Iraq: Fractures and Faultlines 20 Years On 

Iraq has been on the road to recovery after two decades of turmoil, including the overthrow of Saddam Hussein, a United States military intervention, civil war, and conflict with the Islamic State in Iraq and Syria (ISIS). While Iraq now is more stable than it has been in recent years, it continues to struggle with many internal problems, such as militia rivalries and influence over the state, economic fragility, demographic pressures, a dysfunctional power-sharing political system, often referred to as the muhasasa system, in which state positions and ministries have been divided up between ethno-sectarian rivals. The quota-based system, which has been in force since the invasion in 2003, and 2005 elections, initially was utilized as a tool to ensure inclusivity and prevent one group from dominating another. While the system has been successful in preventing the rise of another authoritarian leader like Saddam Hussein, it has been criticized by many as a dysfunctional source of corruption that empowers militias.

Today, Iraq continues to face major divisions between the Shiite-dominated federal government in Baghdad and the Kurdish-led Kurdistan Region of Iraq (KRI) and Sunni groups.

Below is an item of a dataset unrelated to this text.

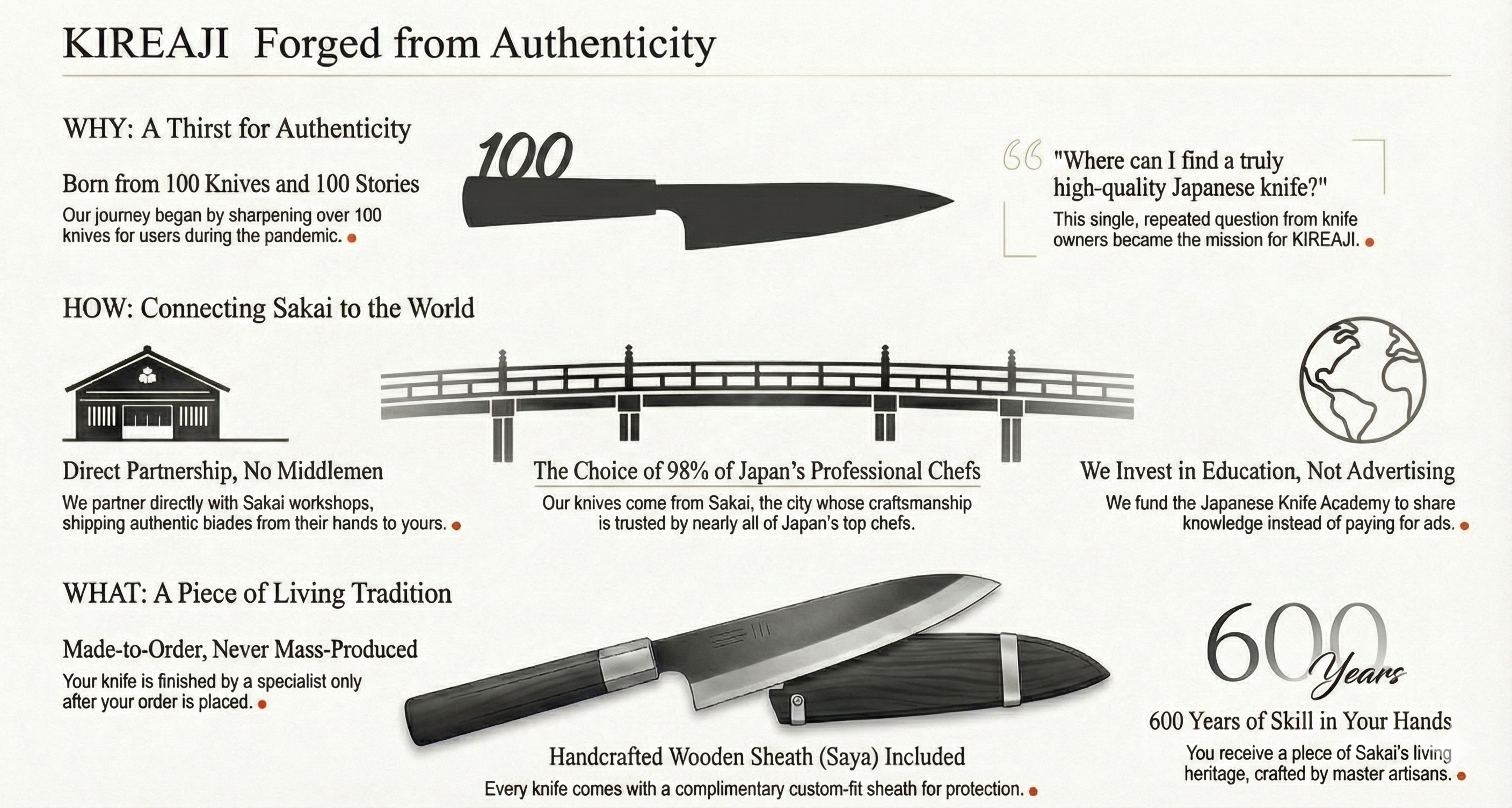 KIREAJI began with a simple truth: people were searching for real Japanese knives.

The power-sharing system has resulted in deepening the divisions, especially between Erbil and Baghdad. It has also allowed empowerment of militias and state capture by the elite which both of whom have resisted reform and citizens’ demand for change. Furthermore, the Hamas October 7 attack and the subsequent Israeli military operation against Gaza have shaken the region and created new political and military dynamics that are now affecting Iraq’s fragile recovery.

Regional upheaval and Iranian influence

In the midst of the Gaza conflict, that spread into southern Lebanon, Yemen, and was followed by the collapse of the regime of Bashar al-Assad regime in Syria, Iran-backed Iraqi militias under the umbrella of Popular Mobilization Front (PMF) also carried out several drone and missile attacks against Israel and the United States and military and civilian targets both in and outside Iraq. Though there was an escalation immediately after October 7 against the US and Israel in the region, during the 12 Day War between Israel and Iran, the militias exercised strategic restraint and avoided further escalation and direct involvement in the conflict. For example, in a coordinated set of attacks by Iran-backed Iraqi militias, from October 17, 2023, up to the 12 Day War in 2025, about 150 missile and drone strikes were reportedly conducted against US and anti-ISIS coalition sites and Israel. On January 28, 2024, the militias claimed an attack against a US military base in Jordan which killed three soldiers and injured 47. While they deescalated during the 12 Day War, the actions prior to this put Iraqi Prime Minister Muhammad Shia’ al-Sudani in an embarrassing position as he had declared Iraq’s neutrality in the conflict and pledged to impose state authority over the militias. This starkly showed the militias’ capability of operations outside of state institutions and the state’s incapability to restrain their actions.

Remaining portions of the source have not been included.